* [WHAT IS EXPECTED]
Output only the lines that run from the line holding "动作捕捉可以参考欧比邻·奥视" to the end of the entries, both ends included, and skip the pictures.

* [RECORDS SUPPLIED]
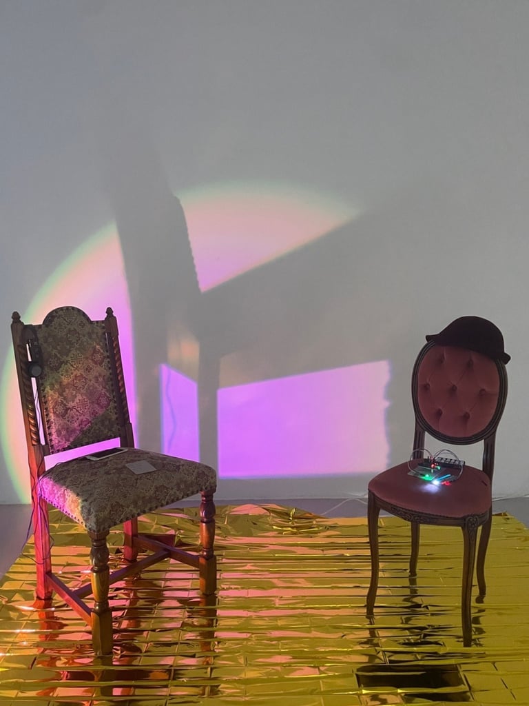 공연에서 AI는 핸드폰이라는 물질적 장치를 통해 구현되었습니다. 마치 인간 배우의 신체가 무대 위에 등장하는 것처럼, AI는 이 장치를 통해 물리적으로 '지금 여기 있음'을 표현합니다. 하지만 공연이 끝나고 그 핸드폰을 전시 장소에 옮긴다고 해서, 우리는 이를 AI의 '현전'으로 느끼지 않습니다. 이는 마치 배우의 의상만이 남아 있는 것처럼, AI의 부재로 인식되기도 합니다.
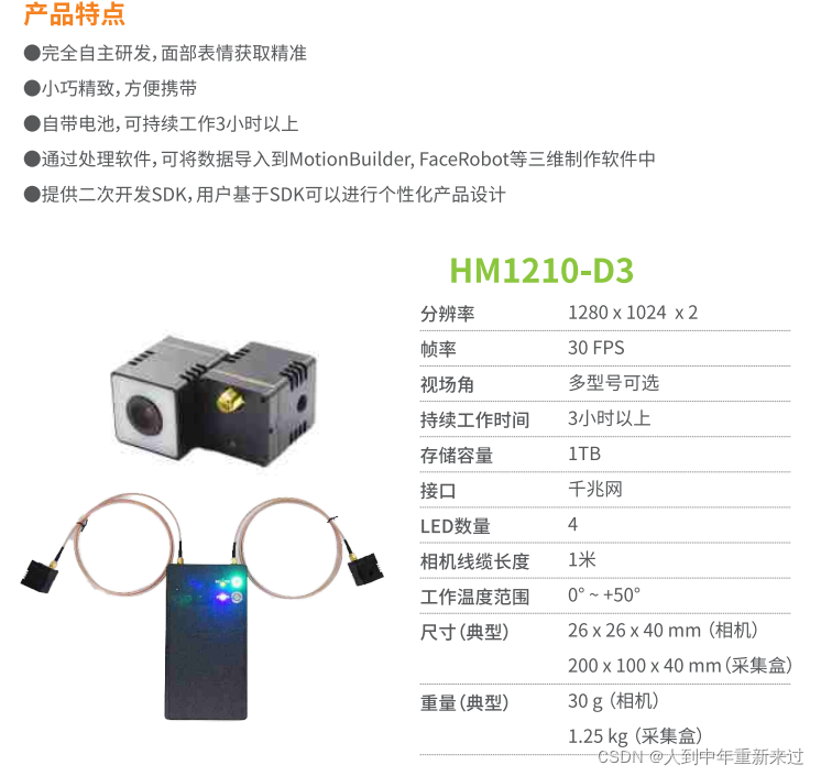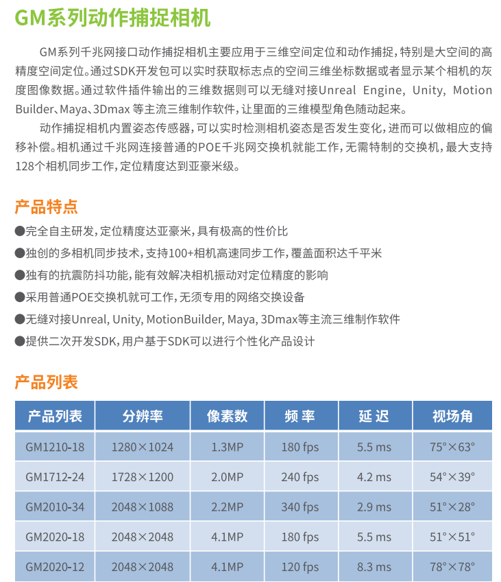 动作捕捉可以参考欧比邻·奥视得倍的GM系列动作捕捉相机的型号参数,面部表情捕捉可以参考HM1210-D3这个型号的动捕相机。
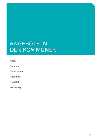 ANGEBOTE IN DEN KOMMUNEN Alfter Bornheim Meckenheim Rheinbach Swisttal Wachtberg Foto: ChocoPie_/shutterstock.com 74 75
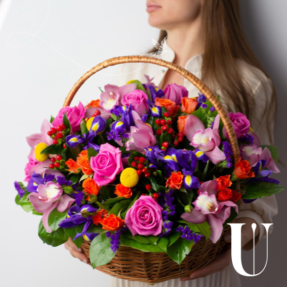 - Корзина круглая (выс. 13 см, выс. с ручкой 45 см, шир. 42 см) - 1 шт
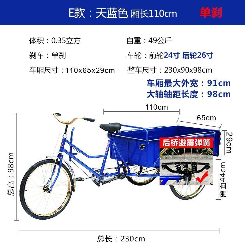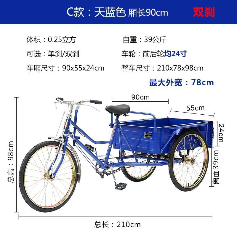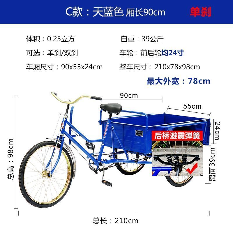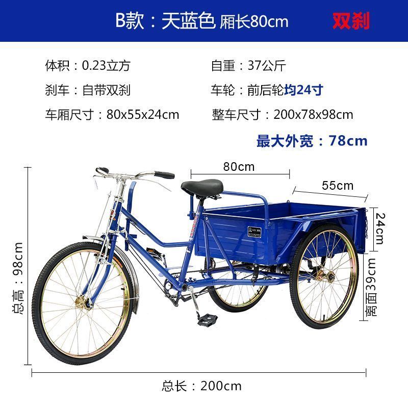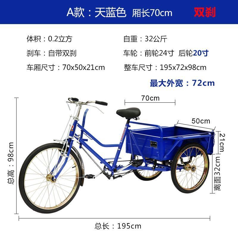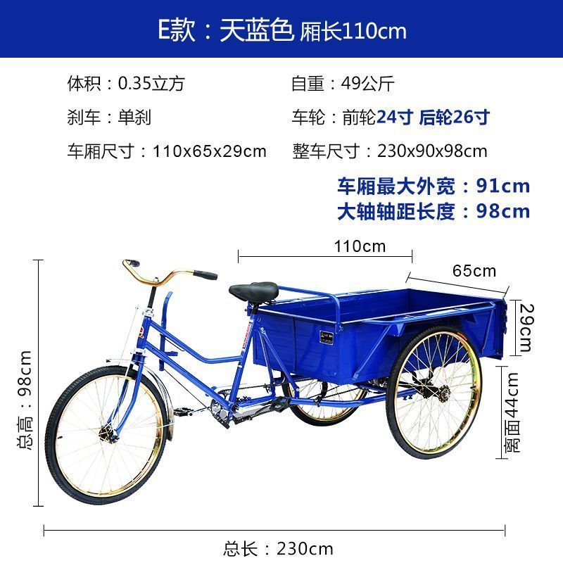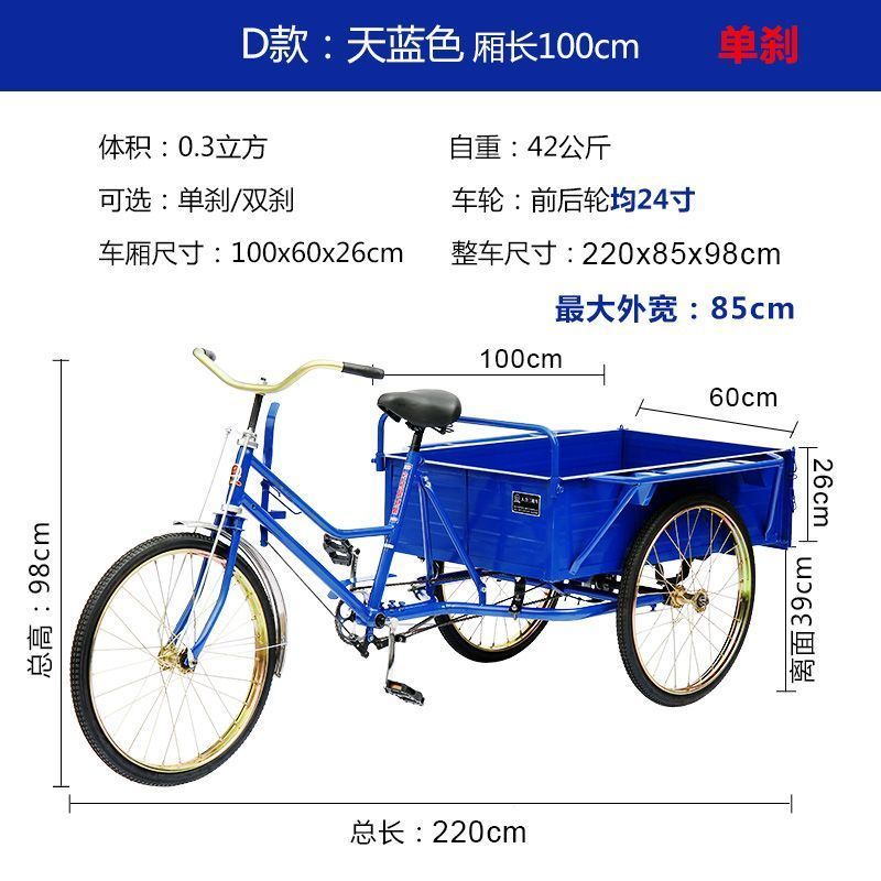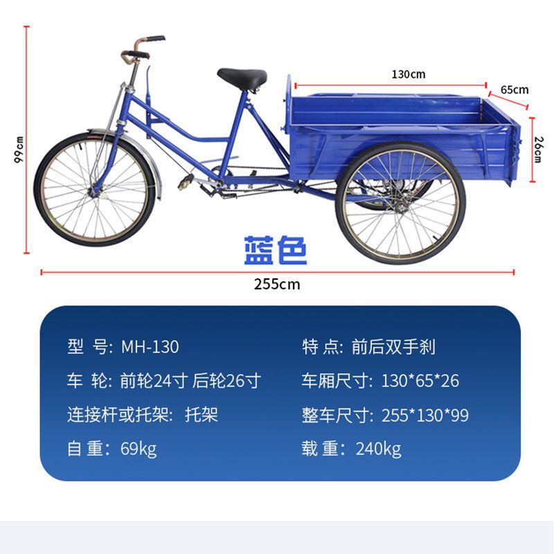 浙江强立牌70~1.3米长车厢人力三轮车老年人代步摆摊拉货接送小孩
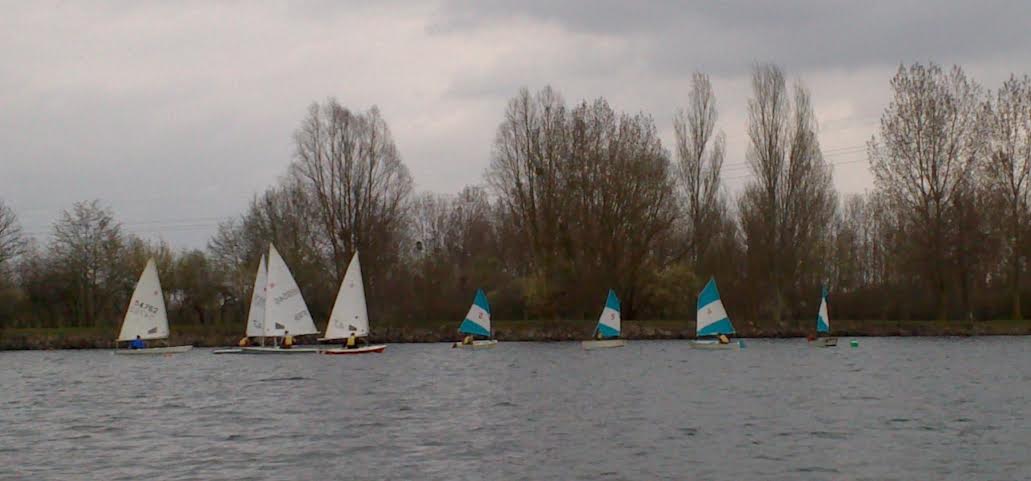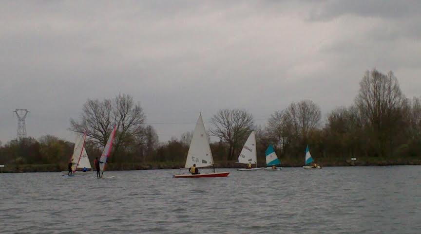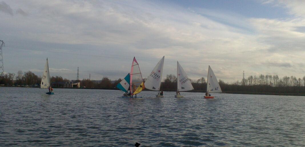 dizaine de bateaux sur l'eau, 3 optimists et 6 lasers dont un de Soissons

* [SOLUTION]
 动作捕捉可以参考欧比邻·奥视得倍的GM系列动作捕捉相机的型号参数,面部表情捕捉可以参考HM1210-D3这个型号的动捕相机。
 ANGEBOTE IN DEN KOMMUNEN Alfter Bornheim Meckenheim Rheinbach Swisttal Wachtberg Foto: ChocoPie_/shutterstock.com 74 75
 - Корзина круглая (выс. 13 см, выс. с ручкой 45 см, шир. 42 см) - 1 шт
 浙江强立牌70~1.3米长车厢人力三轮车老年人代步摆摊拉货接送小孩
 dizaine de bateaux sur l'eau, 3 optimists et 6 lasers dont un de Soissons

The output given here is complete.